What problem does it solve? In many enterprises, CipherTrust Manager is the central hub for data‑at‑rest and in‑transit encryption. Operations are typically performed via a web UI or CLI, which can be cumbersome for analysts who prefer to ask questions and receive instant answers. By converting CipherTrust actions into MCP tools, the server turns a static configuration portal into an interactive assistant. Security teams can query key status, request new keys, or audit CTE client access without leaving their preferred AI environment.

Key features of the server include:

  • Unified toolset: A single MCP endpoint that bundles key management, CTE client handling, user administration, and connection oversight.
  • JSON‑RPC over stdin/stdout: Lightweight communication that works across platforms and can be wrapped by any MCP‑compatible client.
  • Environment‑driven configuration: All connection details (host, credentials, TLS settings) are supplied via environment variables, keeping secrets out of code and enabling seamless CI/CD integration.
  • Extensible architecture: The project structure encourages adding new tools or modifying existing ones without affecting the core protocol.

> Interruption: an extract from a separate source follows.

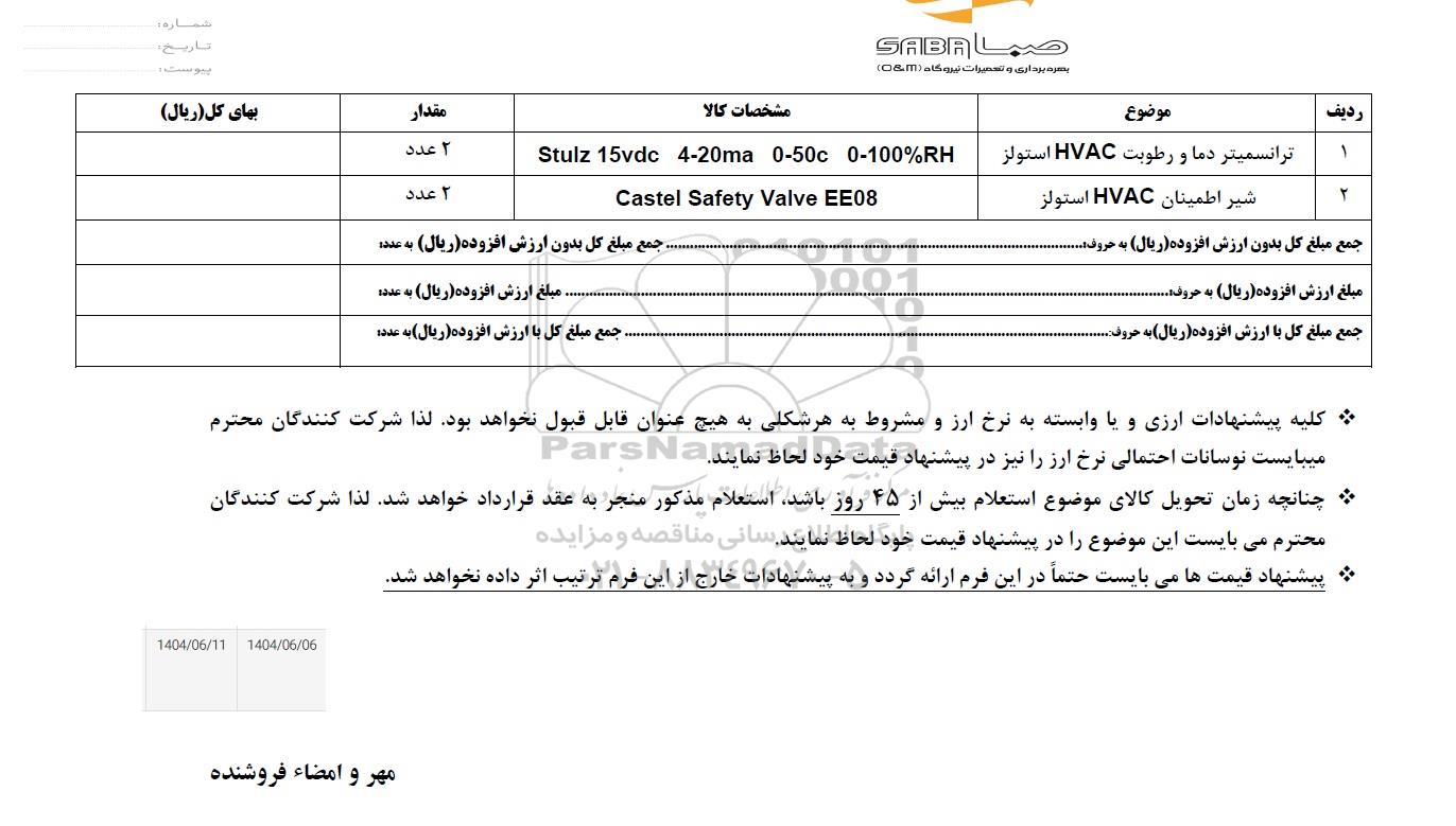 نحوه دریافت اسناد و ارسال پیشنهاد: متقاضیان میتوانند با ثبت نام در سامانه مناقصات و مزایدات ایران (پارس نماد) نسبت به مشاهده اسناد استعلام، دریافت اطلاعات تکمیلی، و ثبت پیشنهاد قیمت خود اقدام نمایند. در صورت نیاز به دریافت راهنمایی یا پشتیبانی در خصوص استعلام و مناقصه و فراخوان مناقصه عمومی، مناقصه محدود، مناقصه بین المللی، مناقصه دولتی، مناقصه خصوصی، مناقصه آنلاین فروش تجهیزات، مناقصه مشاورهای مناقصه پتروشیمی و انرژی مناقصه صنایع و تجهیزات برق و مخابرات و نفت و گاز ... لطفاً با سایت خبری مناقصه و مزایده پارسنماد دادهها به شماره 88349670 تماس حاصل فرمایید.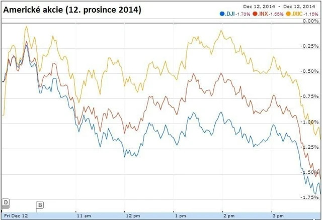 "Všichni jsou stále nervózní kvůli klesajícím cenám ropy, situace v eurozóně je také znepokojivá," říká John Carey z Pioneer Investment Management. "Data o spotřebitelské důvěře a čtvrteční čísla o maloobchodních tržbách byla solidní, obrázek domácí ekonomiky je tedy povzbudivý, ale někteří se domnívají, že zbytek světa stáhne USA dolů," dodává.

Real‑world use cases span from automating key rotation policies—where an assistant can schedule and trigger rotations based on policy changes—to dynamic CTE client provisioning during incident response, all triggered by natural language commands. For example, a security analyst can type “Rotate the key used for database X” and receive immediate confirmation and audit logs, all within the chat.

Integration into AI workflows is straightforward: once the MCP server is running and configured, any assistant that supports MCP can register it as a tool provider. The assistant then presents the available operations in its UI, and users can invoke them with simple prompts. This tight coupling reduces context switching, accelerates troubleshooting, and ensures that security operations remain auditable and traceable through the assistant’s conversation history.

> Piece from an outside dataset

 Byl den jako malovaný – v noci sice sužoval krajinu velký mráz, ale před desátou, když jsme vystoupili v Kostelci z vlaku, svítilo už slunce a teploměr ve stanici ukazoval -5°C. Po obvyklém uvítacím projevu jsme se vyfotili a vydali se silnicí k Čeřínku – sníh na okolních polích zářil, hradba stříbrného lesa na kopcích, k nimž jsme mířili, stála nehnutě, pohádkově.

Unique advantages of this server lie in its independence and openness. It is not an official Thales product, yet it uses only public APIs, making it a low‑risk addition to existing environments. Its modular design means developers can customize the toolset to match specific organizational policies or compliance requirements, and because it runs locally via stdin/stdout, it avoids exposing CipherTrust endpoints to the public internet.